Thread-safety at the type level

  • RwLock<T> (or Mutex<T>) will solve our problem
    • Arc<RwLock<T>> or Arc<Mutex<T>> is a common Rust pattern for shared mutable ownership
    • Arc<T> shares an instance between threads
    • Mutex<T>/RwLock<T> prevent race conditions
  • Rust detects thread-safety at the type level through two traits: Send and Sync

Send and Sync

  • A type implements Send if it is safe to send it to another thread
  • A type implements Sync if it is safe to share between threads
  • These two marker traits form a relation:
    • T is Sync if and only if &T is Send
    • “Sending a shared reference to another thread is the same as sharing the value between threads”
  • Things that are not Send/Sync
    • Raw pointers (anything goes)
    • UnsafeCell<T> (explicitly allows shared mutable state)
    • Rc<T> (uses raw pointers internally)

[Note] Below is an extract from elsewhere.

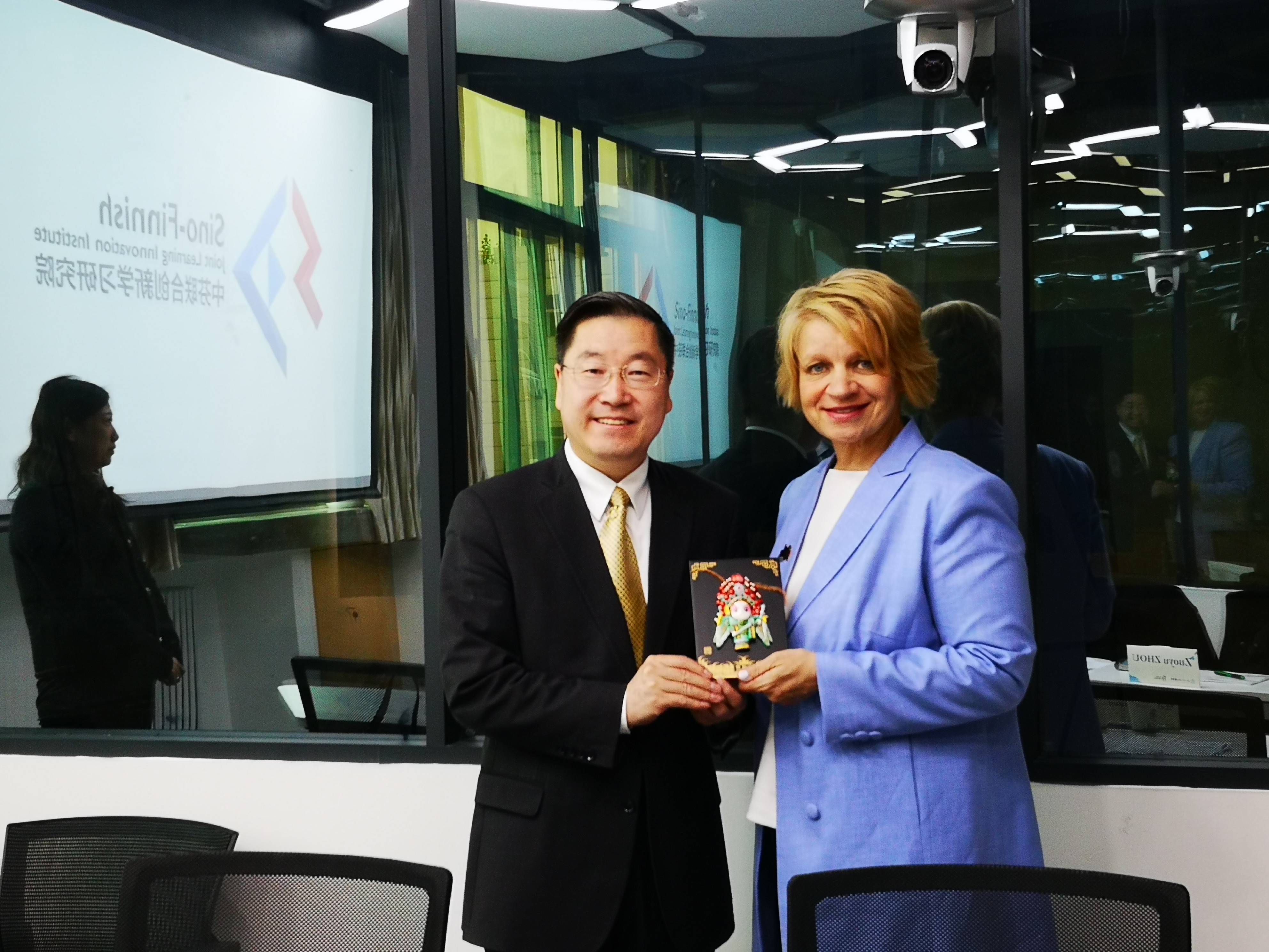 周作宇副校长对Mari-Anna Suurmunne参赞的来访表示欢迎并介绍了爱爱啦 与芬兰高校的密切合作。王君副部长综合介绍了中芬联合学习创新研究院组织构架以及研究院和芬兰方合作开展的系列活动,包括论坛、研讨会、教师培训等。刘宝存院长等分别介绍了中芬教育研究中心、中芬教育信息技术中心开展的合作工作情况。参赞对双方目前的合作情况进行了高度赞扬,她希望未来能有更多的人加入进来,在更广泛的领域上进行合作,如基础教育、高等教育、职业教育以及终生学习等,同时把这种合作模式推广到世界。周作宇副校长在此基础上,对中芬联合学习创新研究院的未来发展规划提出了宝贵建议,在未来合作中研究院将围绕宗旨和使命,加强六个中心之间及中芬合作单位间的密切合作,取得更多的成绩,如推动中芬学生交流项目、联合发表学术期刊文章、开发服务于中国教师的创新教育工具等,提升研究院在国际和国内的知名度和影响力。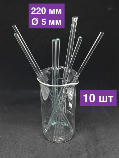 Палочка стеклянная для декора, перемешивания, 220 мм х 5 мм, 10 шт

Send and Sync as generic bounds

  • Here is std::thread::spawn again:
pub fn spawn<F, T>(f: F) -> JoinHandle<T>
where
    F: FnOnce() -> T,
    F: Send + 'static, // All data must be safe to *send* to the new thread
    T: Send + 'static  // The return value will be sent back from the new thread
  • Arc<T> is only Send if T is Sync
    • By definition: Multiple Arcs point to the same value, sending one Arc to another thread gives that thread access to the underlying value, so the value must be Sync!
unsafe impl<T: ?Sized + Sync + Send> Sync for Arc<T> {}

The fixed Game code

fn process(lut: Arc<Mutex<Lut>>, thread_id: u8) {
    let mut lut = lut.lock().expect("Lock was poisoned");
    println!("{}", lut.lookup(thread_id));
}

fn main() {
    // Lazily calculated LUT
    let shared_lut = Arc::new(Mutex::new(Lut::default()));
    const NUM_WORKERS: usize = 4;
    for id in 0..NUM_WORKERS {
        let lut = Arc::clone(&shared_lut);
        std::thread::spawn(move || process(lut, id as u8));
    }
}

These are all the rules we need to know for writing thread-safe code in Rust!